● TASK PROMPT: Leaving out the pictures, print exactly the lines from the one holding "活动现场,糯米、粽叶、红枣、" to the last line of the entries below, both included, and nothing more.

-- ENTRIES SUPPLIED follows --

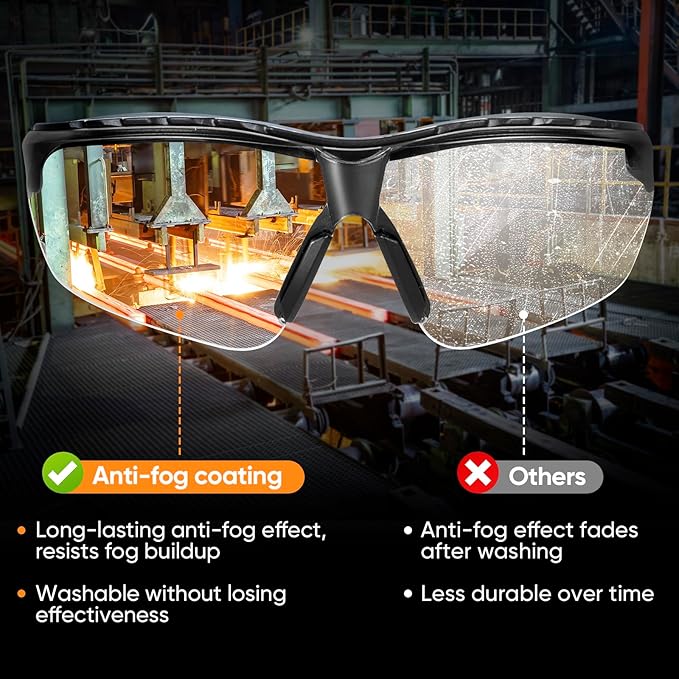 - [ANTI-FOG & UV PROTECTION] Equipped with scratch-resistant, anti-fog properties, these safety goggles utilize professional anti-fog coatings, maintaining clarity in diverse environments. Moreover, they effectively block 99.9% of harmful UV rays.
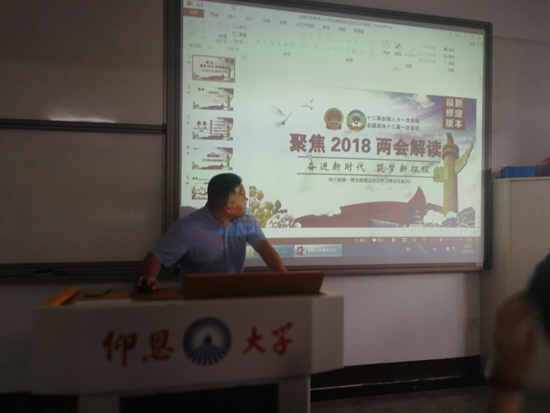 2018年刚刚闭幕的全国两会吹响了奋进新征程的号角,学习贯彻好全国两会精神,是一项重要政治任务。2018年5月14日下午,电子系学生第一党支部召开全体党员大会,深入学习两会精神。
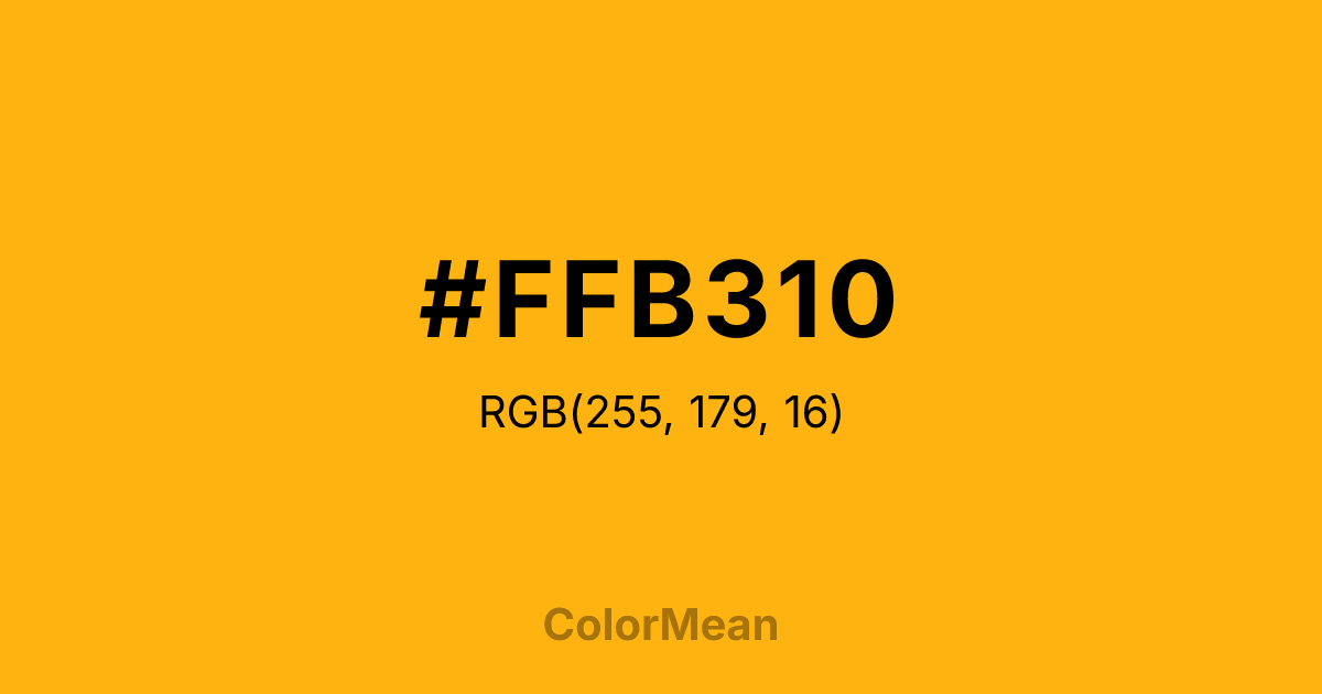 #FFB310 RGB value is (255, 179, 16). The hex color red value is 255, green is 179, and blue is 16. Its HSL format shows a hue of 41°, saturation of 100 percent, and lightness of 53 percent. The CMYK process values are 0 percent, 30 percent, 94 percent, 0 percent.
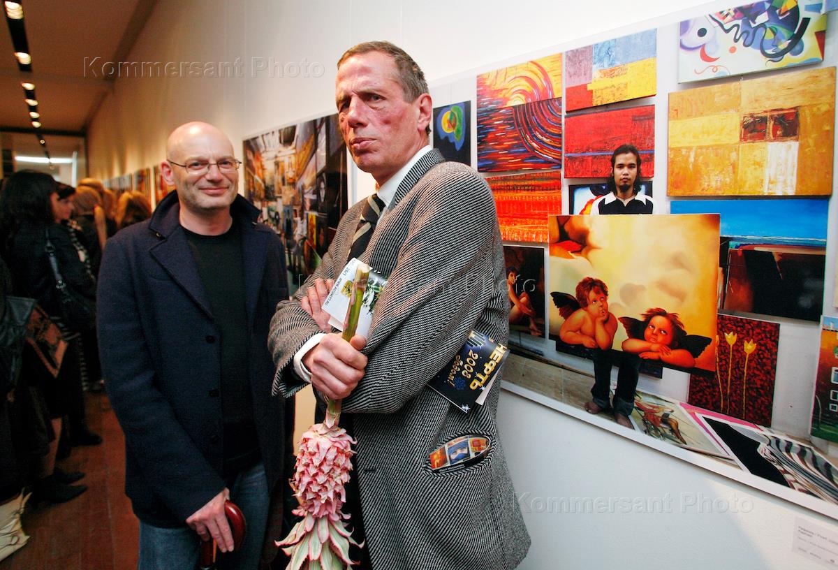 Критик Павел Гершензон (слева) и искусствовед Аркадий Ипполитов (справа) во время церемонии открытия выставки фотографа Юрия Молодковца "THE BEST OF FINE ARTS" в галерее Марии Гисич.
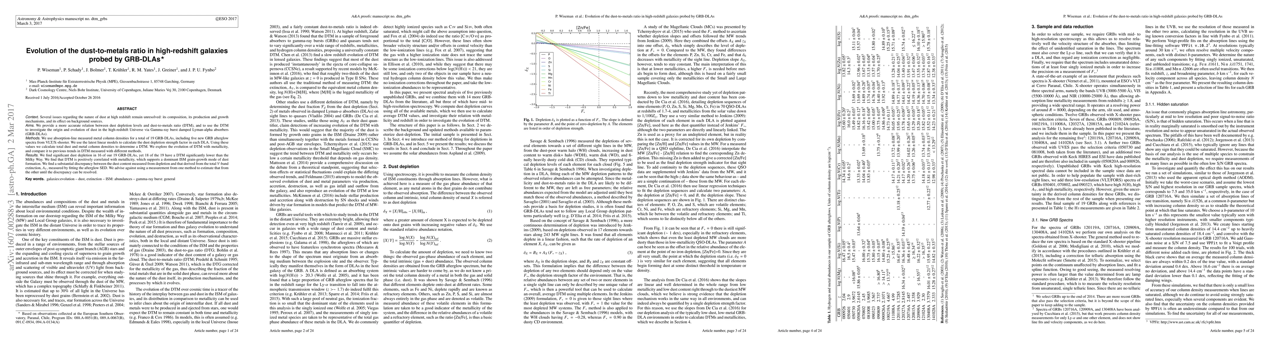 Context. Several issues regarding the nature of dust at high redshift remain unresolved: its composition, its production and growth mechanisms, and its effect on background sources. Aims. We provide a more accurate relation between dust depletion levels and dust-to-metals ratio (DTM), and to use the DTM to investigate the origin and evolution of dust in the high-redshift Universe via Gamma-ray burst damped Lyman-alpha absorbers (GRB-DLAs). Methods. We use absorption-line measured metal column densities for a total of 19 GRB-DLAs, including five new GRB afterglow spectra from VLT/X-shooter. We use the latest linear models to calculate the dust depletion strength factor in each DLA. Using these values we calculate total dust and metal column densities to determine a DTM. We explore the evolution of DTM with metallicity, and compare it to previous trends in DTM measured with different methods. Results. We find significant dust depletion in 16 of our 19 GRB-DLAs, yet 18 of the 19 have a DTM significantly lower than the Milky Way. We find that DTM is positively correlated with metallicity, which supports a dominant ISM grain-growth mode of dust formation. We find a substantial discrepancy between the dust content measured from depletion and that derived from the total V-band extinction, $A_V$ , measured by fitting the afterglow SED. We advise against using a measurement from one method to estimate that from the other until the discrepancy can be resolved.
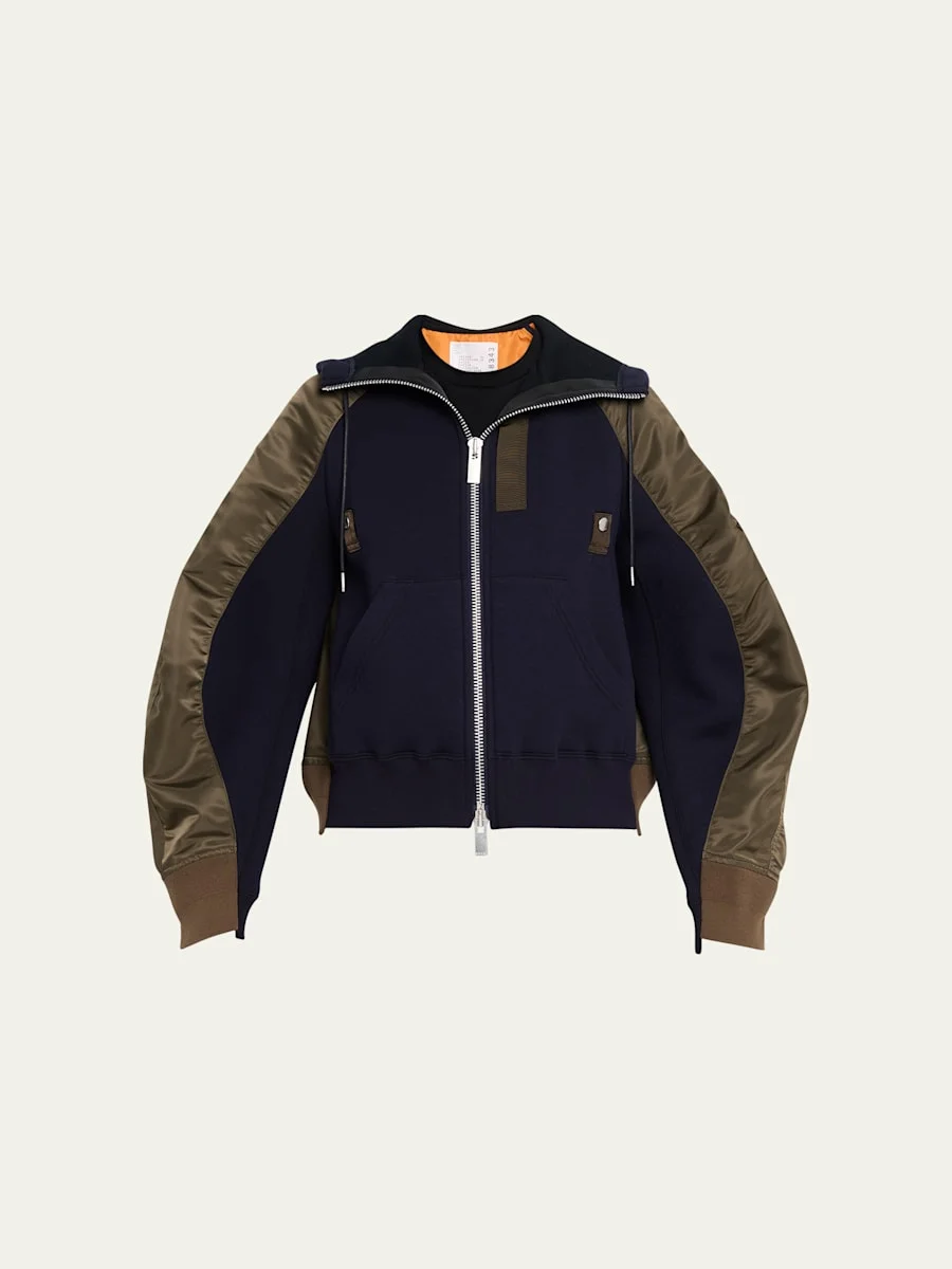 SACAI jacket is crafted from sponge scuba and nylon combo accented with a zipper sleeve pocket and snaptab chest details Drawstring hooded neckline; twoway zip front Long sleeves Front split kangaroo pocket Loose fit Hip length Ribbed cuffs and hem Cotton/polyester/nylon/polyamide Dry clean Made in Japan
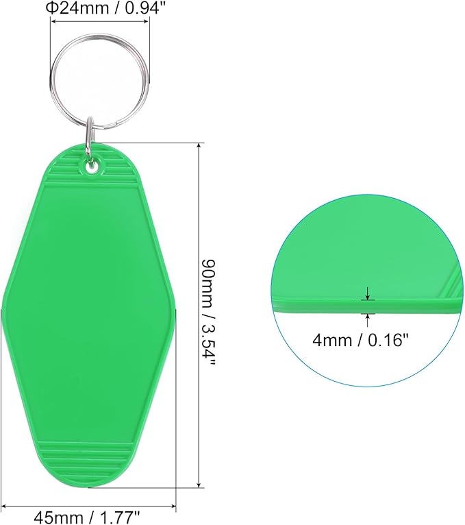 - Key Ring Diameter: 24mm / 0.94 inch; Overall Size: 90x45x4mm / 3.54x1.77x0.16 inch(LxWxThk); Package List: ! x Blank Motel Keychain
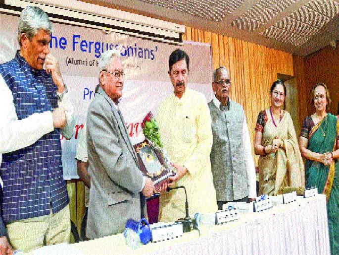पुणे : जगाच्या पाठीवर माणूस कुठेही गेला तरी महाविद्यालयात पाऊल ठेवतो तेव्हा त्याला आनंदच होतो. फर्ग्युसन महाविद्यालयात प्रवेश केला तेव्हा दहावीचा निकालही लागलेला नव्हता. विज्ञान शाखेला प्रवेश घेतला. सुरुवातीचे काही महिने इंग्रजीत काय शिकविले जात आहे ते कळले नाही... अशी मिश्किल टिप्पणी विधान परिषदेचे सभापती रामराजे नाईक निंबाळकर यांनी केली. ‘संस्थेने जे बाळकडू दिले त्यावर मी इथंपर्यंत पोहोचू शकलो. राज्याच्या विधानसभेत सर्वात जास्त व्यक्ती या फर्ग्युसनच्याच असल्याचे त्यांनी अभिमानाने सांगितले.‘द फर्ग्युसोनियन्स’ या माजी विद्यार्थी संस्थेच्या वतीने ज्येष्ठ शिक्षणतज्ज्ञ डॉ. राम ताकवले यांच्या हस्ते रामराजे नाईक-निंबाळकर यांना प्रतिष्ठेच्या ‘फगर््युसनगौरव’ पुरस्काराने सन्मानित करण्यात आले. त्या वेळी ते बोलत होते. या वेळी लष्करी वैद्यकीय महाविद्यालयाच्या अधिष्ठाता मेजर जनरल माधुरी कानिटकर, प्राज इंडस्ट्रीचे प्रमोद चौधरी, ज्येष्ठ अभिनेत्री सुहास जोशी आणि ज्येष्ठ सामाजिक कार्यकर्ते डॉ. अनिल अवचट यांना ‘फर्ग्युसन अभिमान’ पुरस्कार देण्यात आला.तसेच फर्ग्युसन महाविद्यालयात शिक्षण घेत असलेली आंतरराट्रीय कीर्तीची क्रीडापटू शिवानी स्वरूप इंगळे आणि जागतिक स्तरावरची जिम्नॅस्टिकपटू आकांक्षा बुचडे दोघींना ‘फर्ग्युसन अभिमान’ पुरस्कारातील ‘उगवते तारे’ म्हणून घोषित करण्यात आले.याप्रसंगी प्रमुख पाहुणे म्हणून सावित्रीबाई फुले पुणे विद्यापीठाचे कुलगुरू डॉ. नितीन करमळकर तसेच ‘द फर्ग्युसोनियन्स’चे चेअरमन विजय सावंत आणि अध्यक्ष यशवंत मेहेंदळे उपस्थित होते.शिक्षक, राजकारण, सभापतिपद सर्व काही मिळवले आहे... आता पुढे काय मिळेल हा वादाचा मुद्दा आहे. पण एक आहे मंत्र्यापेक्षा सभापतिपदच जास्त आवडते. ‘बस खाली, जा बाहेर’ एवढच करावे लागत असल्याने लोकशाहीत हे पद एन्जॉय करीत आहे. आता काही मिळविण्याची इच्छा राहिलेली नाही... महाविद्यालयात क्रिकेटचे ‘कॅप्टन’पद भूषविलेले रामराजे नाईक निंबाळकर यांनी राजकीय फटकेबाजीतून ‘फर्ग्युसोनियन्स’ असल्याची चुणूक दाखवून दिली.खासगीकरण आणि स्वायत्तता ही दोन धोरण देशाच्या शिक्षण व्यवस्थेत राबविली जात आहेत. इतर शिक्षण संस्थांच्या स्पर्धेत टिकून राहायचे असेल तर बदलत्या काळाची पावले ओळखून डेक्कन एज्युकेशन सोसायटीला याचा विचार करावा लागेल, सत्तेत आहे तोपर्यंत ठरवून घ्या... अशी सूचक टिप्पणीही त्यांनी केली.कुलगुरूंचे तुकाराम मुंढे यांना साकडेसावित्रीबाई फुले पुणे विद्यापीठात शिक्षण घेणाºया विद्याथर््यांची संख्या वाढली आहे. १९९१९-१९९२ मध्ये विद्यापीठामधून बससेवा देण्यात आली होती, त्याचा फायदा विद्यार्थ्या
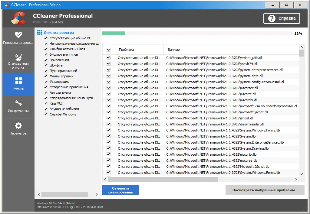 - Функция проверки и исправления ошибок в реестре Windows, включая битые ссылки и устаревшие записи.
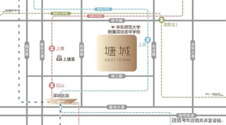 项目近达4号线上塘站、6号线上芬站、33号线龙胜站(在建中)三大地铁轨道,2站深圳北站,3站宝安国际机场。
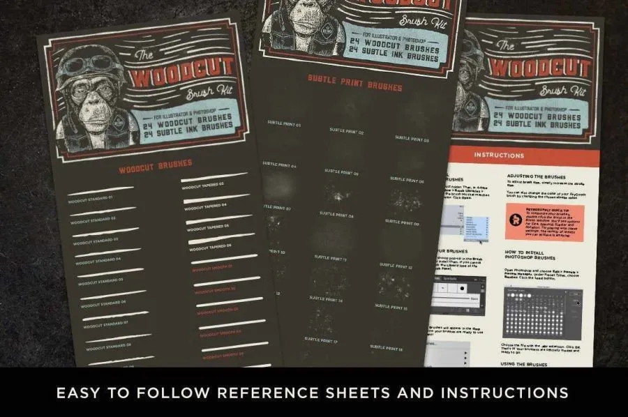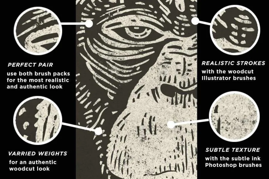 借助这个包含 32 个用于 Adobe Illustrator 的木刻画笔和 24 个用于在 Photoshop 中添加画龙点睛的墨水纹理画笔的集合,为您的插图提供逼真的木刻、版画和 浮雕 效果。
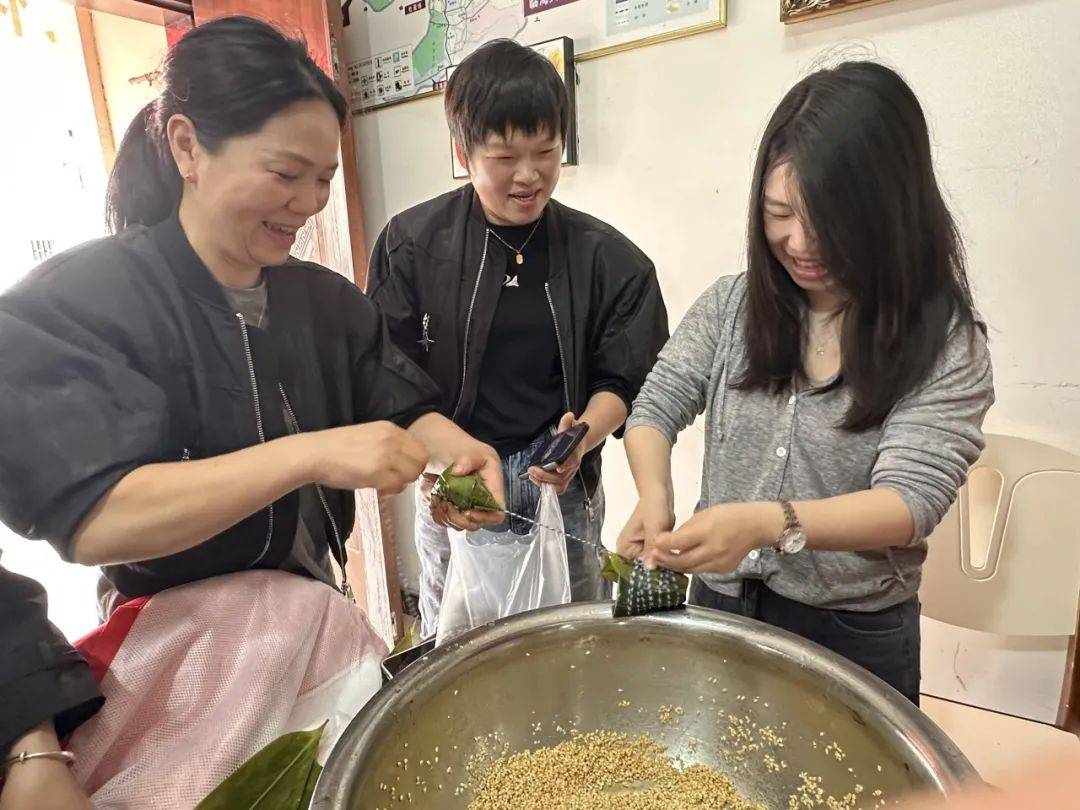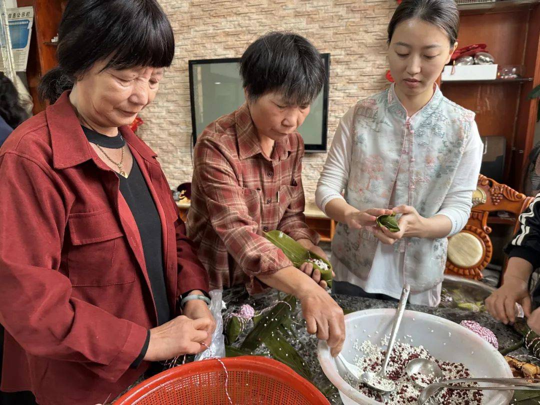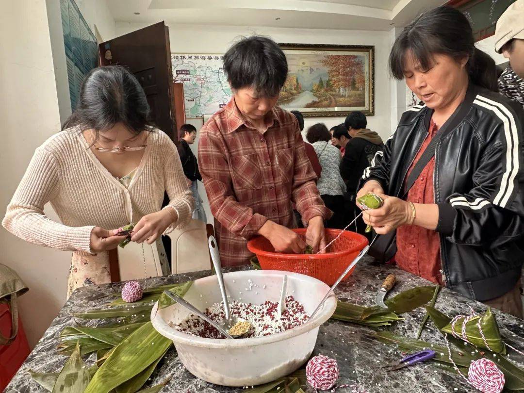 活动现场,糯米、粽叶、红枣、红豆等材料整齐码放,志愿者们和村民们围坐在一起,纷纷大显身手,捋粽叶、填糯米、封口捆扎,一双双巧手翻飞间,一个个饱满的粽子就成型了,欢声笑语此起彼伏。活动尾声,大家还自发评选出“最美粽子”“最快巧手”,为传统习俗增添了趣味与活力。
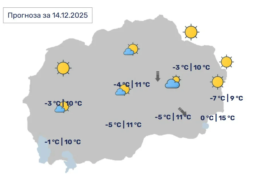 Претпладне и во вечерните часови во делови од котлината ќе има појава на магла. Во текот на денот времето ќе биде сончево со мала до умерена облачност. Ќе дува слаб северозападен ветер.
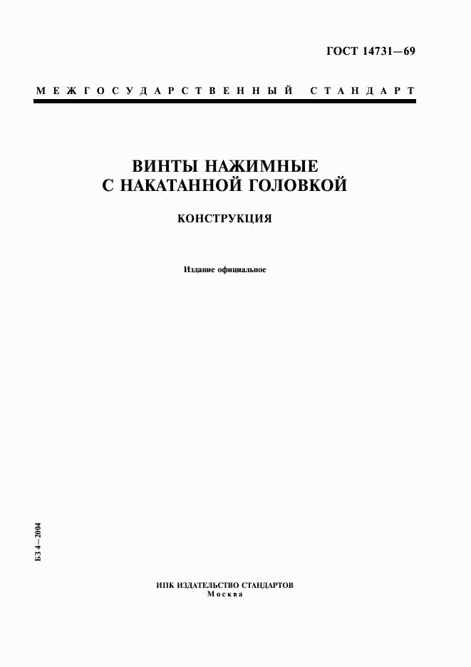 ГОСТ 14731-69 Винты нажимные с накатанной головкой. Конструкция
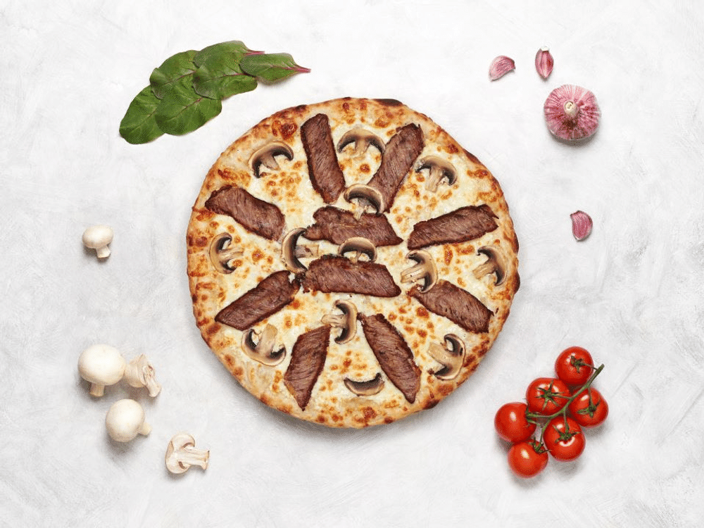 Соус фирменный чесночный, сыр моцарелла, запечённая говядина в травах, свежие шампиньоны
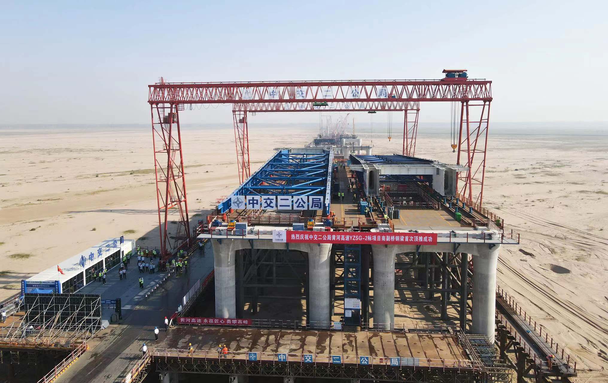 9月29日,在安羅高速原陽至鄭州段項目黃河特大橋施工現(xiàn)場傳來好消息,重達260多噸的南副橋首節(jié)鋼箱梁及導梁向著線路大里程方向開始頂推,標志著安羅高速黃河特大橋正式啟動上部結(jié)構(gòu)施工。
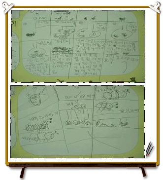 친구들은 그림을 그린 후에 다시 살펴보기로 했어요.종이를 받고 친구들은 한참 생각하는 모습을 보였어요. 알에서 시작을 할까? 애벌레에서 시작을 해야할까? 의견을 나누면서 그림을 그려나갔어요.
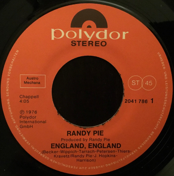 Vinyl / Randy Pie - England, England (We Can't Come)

-- ENTRIES SUPPLIED concluded --

● SOLUTION:
 活动现场,糯米、粽叶、红枣、红豆等材料整齐码放,志愿者们和村民们围坐在一起,纷纷大显身手,捋粽叶、填糯米、封口捆扎,一双双巧手翻飞间,一个个饱满的粽子就成型了,欢声笑语此起彼伏。活动尾声,大家还自发评选出“最美粽子”“最快巧手”,为传统习俗增添了趣味与活力。
 Претпладне и во вечерните часови во делови од котлината ќе има појава на магла. Во текот на денот времето ќе биде сончево со мала до умерена облачност. Ќе дува слаб северозападен ветер.
 ГОСТ 14731-69 Винты нажимные с накатанной головкой. Конструкция
 Соус фирменный чесночный, сыр моцарелла, запечённая говядина в травах, свежие шампиньоны
 9月29日,在安羅高速原陽至鄭州段項目黃河特大橋施工現(xiàn)場傳來好消息,重達260多噸的南副橋首節(jié)鋼箱梁及導梁向著線路大里程方向開始頂推,標志著安羅高速黃河特大橋正式啟動上部結(jié)構(gòu)施工。
 친구들은 그림을 그린 후에 다시 살펴보기로 했어요.종이를 받고 친구들은 한참 생각하는 모습을 보였어요. 알에서 시작을 할까? 애벌레에서 시작을 해야할까? 의견을 나누면서 그림을 그려나갔어요.
 Vinyl / Randy Pie - England, England (We Can't Come)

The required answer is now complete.